• [Assignment]:
All lines in the records below that hold "base" are to be shown.

• [Material for the task]:

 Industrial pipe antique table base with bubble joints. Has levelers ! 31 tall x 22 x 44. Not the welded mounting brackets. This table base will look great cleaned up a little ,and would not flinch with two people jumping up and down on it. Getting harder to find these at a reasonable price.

--

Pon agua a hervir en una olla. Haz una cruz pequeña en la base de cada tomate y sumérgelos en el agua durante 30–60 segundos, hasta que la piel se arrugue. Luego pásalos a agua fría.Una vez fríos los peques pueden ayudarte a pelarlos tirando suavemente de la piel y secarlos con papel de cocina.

---

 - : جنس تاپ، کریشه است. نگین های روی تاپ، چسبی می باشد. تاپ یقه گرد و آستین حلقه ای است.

• [Your solution]:
 Industrial pipe antique table base with bubble joints. Has levelers ! 31 tall x 22 x 44. Not the welded mounting brackets. This table base will look great cleaned up a little ,and would not flinch with two people jumping up and down on it. Getting harder to find these at a reasonable price.
Pon agua a hervir en una olla. Haz una cruz pequeña en la base de cada tomate y sumérgelos en el agua durante 30–60 segundos, hasta que la piel se arrugue. Luego pásalos a agua fría.Una vez fríos los peques pueden ayudarte a pelarlos tirando suavemente de la piel y secarlos con papel de cocina.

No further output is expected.